Тот же самый базар, на прежнем месте, что и в те времена, те же поросшие теперь кустарником и мхом древние стены, те же церкви, та же у старого берега молодая, сильная Ведуга бежит.
После обедни на базар приходит и сам начальник города Белого, высокий худой князь с длинными усами и рассеянным взглядом. Руки у начальника всегда лежат назади, а шинель поверх рук спускается хвостиком. Князь идет, натыкается, знакомых не узнает, незнакомым вдруг поклонится так приветливо, что хвостик шинельный болтнется. В праздник с князем идет Царь-баба; она князя одергивает, направляет, подсказывает, кому кланяться. За князем и Царь-бабою идут господа, их зовут на базаре гужеспинники. Черный мохнатый чужеспинник – это тот, что весь день сидит в Правлении и глаз не поднимает, – пишет и пишет. Раньше думали: он много работает, труженик, а оказалось – он так сидит. Второй княжеский друг – худой, голова толкачиком, лицо тонкое, словно из бумаги вырезано, а усы толстые и прозвище чужеспиннику – Полый Сучок. Третий друг – молодой, сын богатых родителей, ничего не признает, ни на что не глядит, идет и свистит на все ветры. Царь-бабе до них дела нет, она смотрит за одним только князем.
Лунною ночью, гуляя по улицам древнего города, князь-начальник полюбил древний каменный город и днем, узнавая его в старинных вещах, подходит к Тараканнице. У зябкой старухи и в теплое время стоит горшочек с углями, а в зимнее время пар столбом валит от Тараканницы. У кого спичек нет, подходят к теплой старухе закуривать, и она достает из-под юбки красный уголек. Там в тепле у Тараканницы хранятся и всякие древние вещи. Только божественное старуха держит в ящике-столе напротив себя.
– Никола Угодник, Божья Матушка, обоим вместе более тысячи лет, ровесники! – предлагает старинные иконы Тараканница.
– Дай луковицу! – требуют чужеспинники. Протирают луком черную икону, яснеет Никола Угодник: могучий лоб, плешинка, кудерки седые, глаза милостивые, прекрасные.
– Хорош Никола! – шепчут друг другу чужеспинники.
– Чем хороший? Тараканы съели, – нарочно громко говорит Царь-баба.
И цену сбивает. Не будь княгини – нищим ушел бы отсюда князь.
Там под капустным листом – крест византийский, там кровавый сверкает на солнце рубин, там голубые перегородчатые эмали, какие-то очи из той страны, словно дневные звезды, воспоминания о больших ночных звездах.

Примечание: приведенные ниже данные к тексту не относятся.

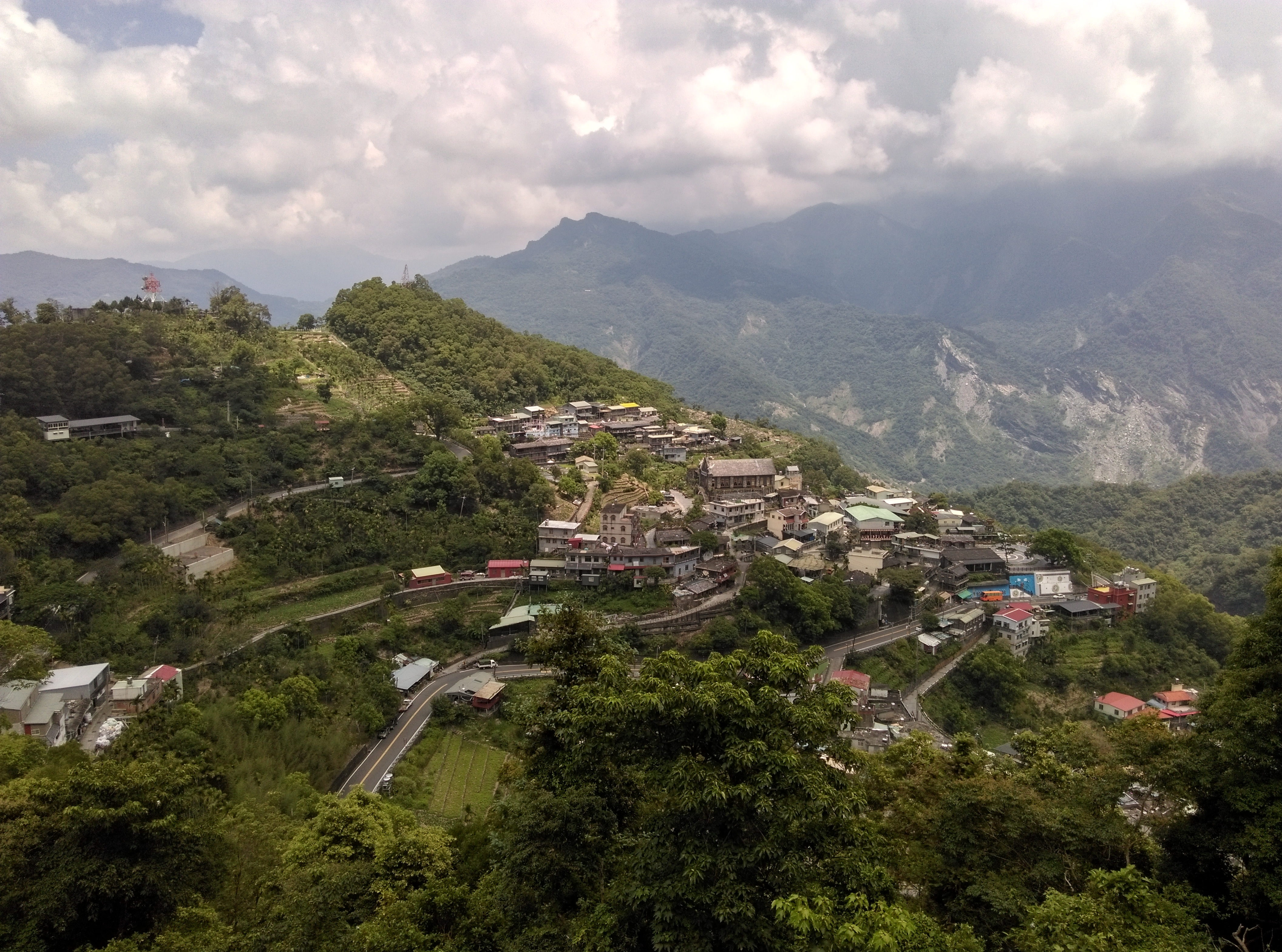 Vudai Tribes in Wutai Township, Pingtung County, Taiwan.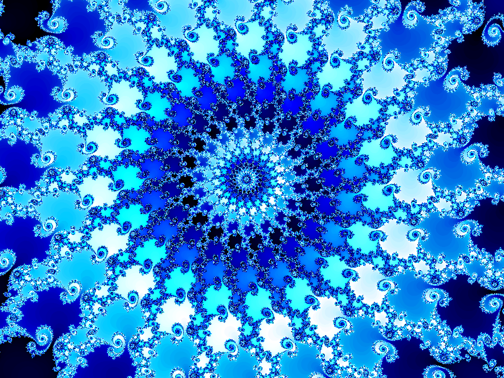 Image detail of the Mandelbrot set.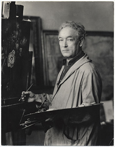 From the:Archives of American Art, Smithsonian Institution (the AAA has a larger version on their website, but it has watermarks all over the image). Description: Identification on verso (typewritten): William J. Glackens (1870-1938). Starting as an illustrator for newspapers and magazines, Glackens found in his immediate world subjects for his painting. As a member of "The Eight", he was much admired by his contemporaries for his powers of observation and his draughtsmanship. Forms part of: 1913 Armory Show, 50th anniversary exhibition records, 1962-1963 Rights Statement: U.S. public domain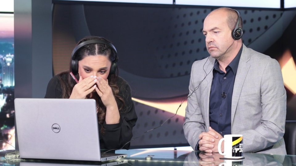 glass walls itay levi ofira and berko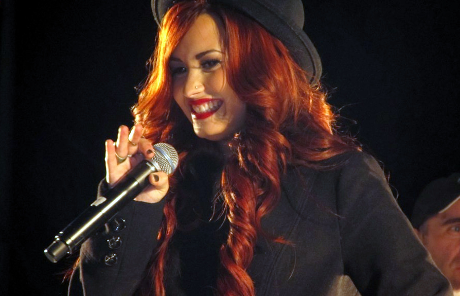 Demi Lovato in December 2011.

Есть какая-то лунная отрава в этих старинных чудесных вещах, укрывшихся на площади, окруженной сенными и дровяными возами.
– Почем дрова, почем сено? – спрашивает
Княгиня спешит вернуть князя сюда, в этот обыкновенный мир: князь мог бы и тут любоваться солнечным светом, душистым сеном, зелеными пирамидами овощей и золотистыми бородами бороволоков. Но князь не хочет возвращаться домой, спорит, как маленький, и с помощью друзей увлекает княгиню к седой башне, где, по сказаниям, есть ход из крепостной стены в Семибратский курган.
Седая башня, насквозь пробитая ядрами, стоит у начала подземного хода среди целого поля, засыпанного обломками другого какого-то огромного здания. Обломки под ногами, словно грешники скрежещут зубами. Испуганный, под сводами уцелевшего алтаря филин мечется, летит к отверстию, ошибается, ослепленный солнечным светом, летит к другому окну и бьется у железной решетки. В алтаре на земле есть черная ямка: это бродяги кашу варили, а некогда на этом самом месте престол Господний стоял. В церкви, где когда-то народ собирался, теперь стоят кусты бузины, березка белая, стройная посредине между ними, словно венчается, и корявые, скрюченные, низенькие, но старые осинки в притворе шепчутся, вспоминают, как некогда их бабушка тоже венчалась тут.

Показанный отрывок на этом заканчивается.